Os investigadores descobriram informações sobre as actividades marítimas globais utilizando redes neuronais para analisar imagens de satélite e de radar.
Este estudo, publicado na Natureza e liderado por Fernando Paolo de Observatório Mundial da PescaA pesquisa da Comissão Europeia, uma organização sem fins lucrativos sediada em Washington DC, revela que três quartos dos grandes navios de pesca do mundo e um quarto dos navios de transporte e de energia operam como "navios obscuros", não partilhando publicamente a sua localização.
Fernando Paolo explicou: "Historicamente, a atividade das embarcações tem sido pouco documentada, o que limita a nossa compreensão da forma como o maior recurso público do mundo - o oceano - está a ser utilizado."

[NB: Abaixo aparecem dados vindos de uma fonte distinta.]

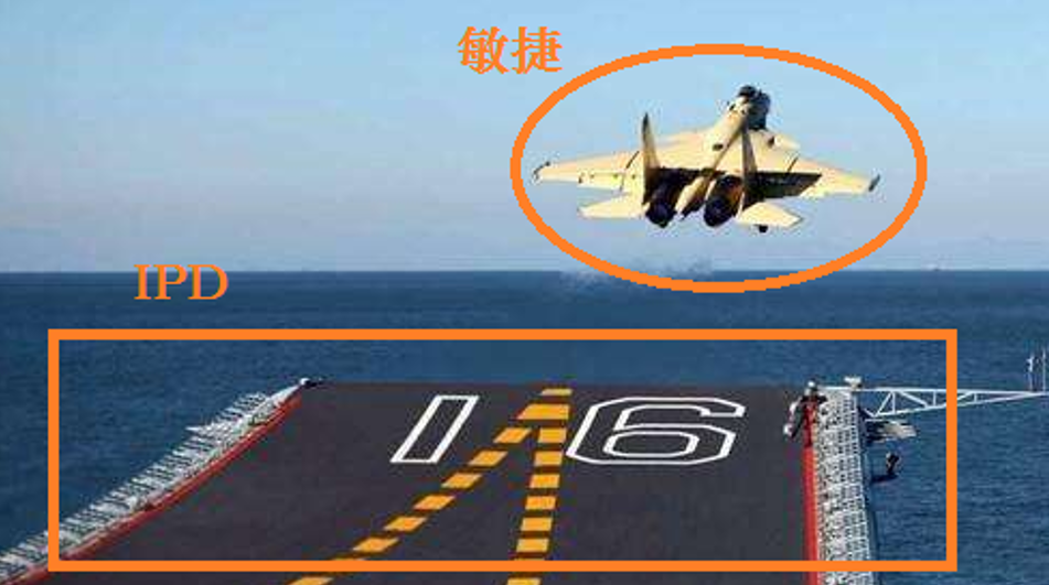 1)敏捷开发更加关注在软件研发领域,IPD的思想则是产品运营领域,视角不同,着重点就不同,如果把敏捷比喻成导弹,那么IPD就是原子弹,如果把敏捷比喻为战投机,那么IPD就是航空母舰。
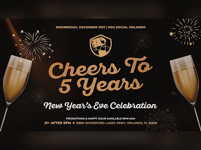 🎉 Join us as we celebrate 5 incredible years at Keg Social Orlando! 🎉 Ring in the New Year and our 5-year anniversary with a night full of games, giveaways, drinks, and nonstop fun. ✨ Event Highlights: • $5 Happy Hour Specials • $5 Arcade Cards • $10 Unlimited Bowling • 5-Year Anniversary Raffle with exciting giveaways • Midnight Champagne Toast Whether you're coming for the drinks, the games, or the party vibes, this is the perfect way to close out the year with friends and celebrate another amazing milestone with us. 📍 Keg Social Orlando ⏰ Promotions & Happy Hour Available from 9PM–2AM 🔞 21+ after 9PM Let’s toast to the past five years—and to many more ahead. See you there! 🥂
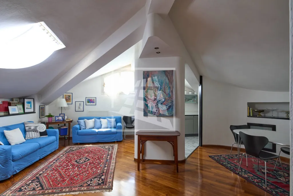 Il cuore dell'abitazione si sviluppa al primo piano, dove un ampio ingresso arredabile conduce alla zona living, caratterizzata da un doppio soggiorno con balcone particolarmente vivibile e un cucinotto separato.
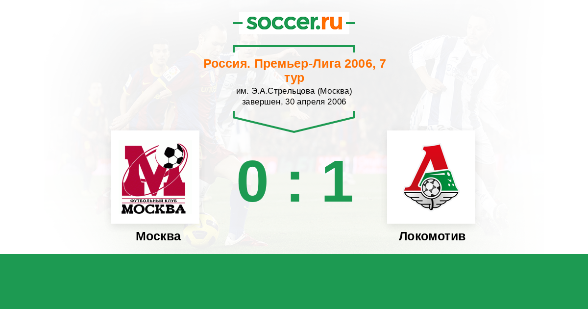 Россия. Премьер-Лига 14.10.2006 Локомотив Логотип футбольный клуб Локомотив (Москва) 0:1 Логотип футбольный клуб ФК Москва ФК Москва
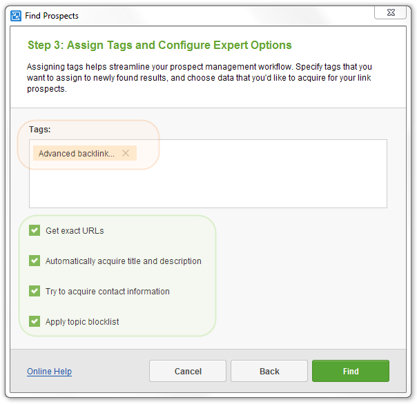 In step 3, you can pre-assign Tags, and set the app to automatically acquire Title and Description, Contact details (if possible), and get Exact URLs rather than Prospect Domains:
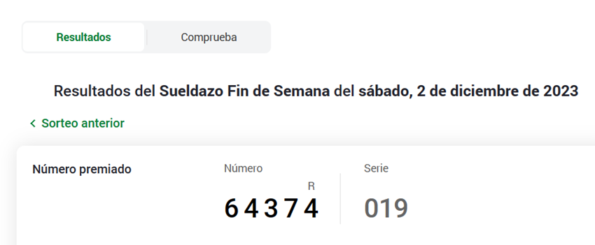 El número ganador del sorteo ha sido el 64374. Por tanto el ganador del sorteo es el número 74

"Tínhamos a ideia de que estávamos a perder uma grande parte da atividade que ocorre no oceano, mas não sabíamos quanto. E descobrimos que é muito mais do que imaginávamos".

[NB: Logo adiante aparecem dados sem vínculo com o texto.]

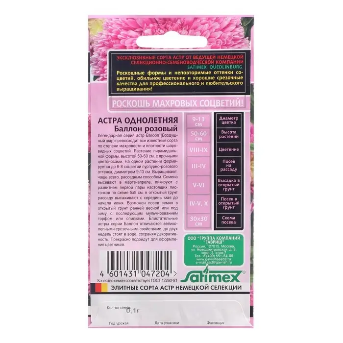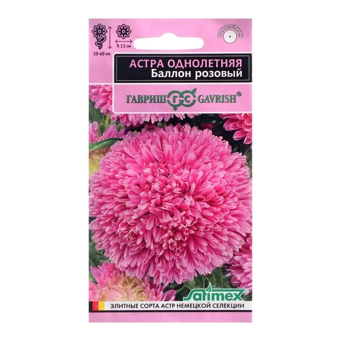 Семена цветов Астра густомахровая "Баллон розовый", ц/п, однолетняя, 0,05 г
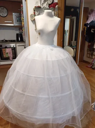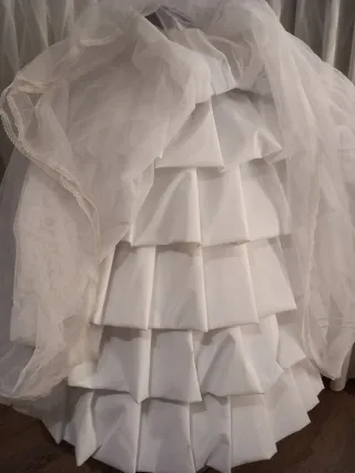 Este cancan de fallera aporta volumen y forma al vestido. - Color blanco. - Talla L / 40 / 12. Lleva tirantes y bolsillo Se ajusta con corchetes
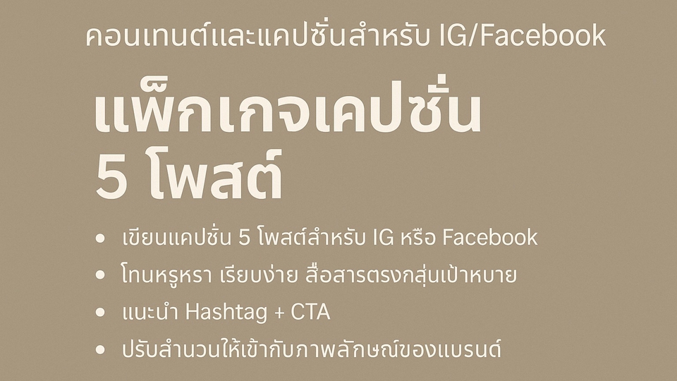 ฿1,200– เขียนแคปชั่น 5 โพสต์สำหรับ IG หรือ Facebook – โทนหรูหรา เรียบง่าย สื่อสารตรงกลุ่มเป้าหมาย – แนะนำ Hashtag + CTA – ปรับสำนวนให้เข้ากับภาพลักษณ์ของแบรนด์

Utilizando dados relativos ao período de 2017 a 2021, a equipa analisou imagens de GPS, satélite e radar de zonas costeiras onde se tendem a concentrar as principais operações de pesca e industriais. A equipa treinou várias redes neurais para detetar e classificar barcos e estruturas offshore nestas imagens.
A análise resultante mostrou que a maioria das cerca de 63 000 embarcações seguidas não utilizava sistematicamente sistemas de identificação automática, o que suscita preocupações quanto a actividades ilegais como a pesca não regulamentada.
Uma IA foi especificamente treinada para distinguir embarcações de pesca com base nos seus padrões de viagem e localizações, tendo concluído que 42 a 49% das embarcações foram classificadas como barcos de pesca.
Jennifer Raynor, coautora do estudo e professora assistente de economia dos recursos naturais na Universidade de Wisconsin-Madison, declarou: "Ao revelar as embarcações obscuras, criámos a imagem pública mais completa da pesca industrial global disponível".
Além disso, o estudo identificou 28.000 estruturas offshore, incluindo as envolvidas na energia eólica e na produção de petróleo, com um aumento notável das turbinas eólicas offshore.
O número de estruturas petrolíferas registou um aumento de 16% durante o período de estudo, mas, mais notavelmente ainda, o número de turbinas eólicas mais do que duplicou, ultrapassando as plataformas petrolíferas em 2021.
O crescimento da energia eólica offshore foi particularmente acentuado na China, que registou um aumento de nove vezes entre 2017 e 2021.
Mais informações sobre o estudo
O estudo realizado pela Global Fishing Watch mapeou as actividades industriais no mar com a ajuda de redes neuronais.
Eis mais informações sobre o seu funcionamento:
- Recolha e integração de dados: Entre 2017 e 2021, a equipa reuniu uma grande quantidade de dados, incluindo 2 petabytes de imagens de satélite, dados de GPS de embarcações e modelos de aprendizagem profunda. Estes dados abrangeram as águas costeiras do mundo, onde se concentram mais de 75% de atividade industrial.
- Desenvolvimento de modelos de aprendizagem profunda: Desenvolveram três redes neuronais convolucionais profundas. Estas redes foram concebidas para tarefas específicas: identificar objectos e estimar os seus comprimentos com elevada precisão, classificar infra-estruturas offshore em categorias como petróleo, vento e outras estruturas, e distinguir entre embarcações de pesca e não pesca.
- Análise de imagens de satélite e dados GPS de embarcações: Os investigadores analisaram imagens de satélite para detetar embarcações e estruturas ao largo e, em seguida, compararam estas descobertas com dados GPS de embarcações que divulgaram publicamente a sua localização. Isto revelou que uma parte significativa das embarcações de pesca industrial (72 a 76%) e outras embarcações (21 a 30%) não eram localizadas publicamente.
- Cartografia e actividades: A equipa mapeou as actividades das embarcações e as infra-estruturas energéticas offshore, destacando a distribuição e concentração destas actividades nas águas costeiras. Descobriram que a atividade piscatória diminuiu significativamente durante a pandemia de COVID-19, enquanto as actividades dos navios de transporte e de energia permaneceram relativamente estáveis.
- Avaliação do impacto ambiental: Por último, os investigadores identificaram potenciais focos de pesca ilegal e quantificaram a escala das actividades dos navios, incluindo o rápido crescimento da infraestrutura eólica offshore, que ultrapassou o número de estruturas petrolíferas até 2021.
Os investigadores esperam que este mapa possa agora ajudar a gerir e a compreender as futuras actividades humanas no oceano.
Como afirma o coautor Patrick Halpin, professor de ecologia geoespacial marinha na Universidade de Duke, "a pegada do Antropoceno já não se limita à terra firme", o que significa que a atividade humana nesta época atual penetrou em todos os cantos do planeta.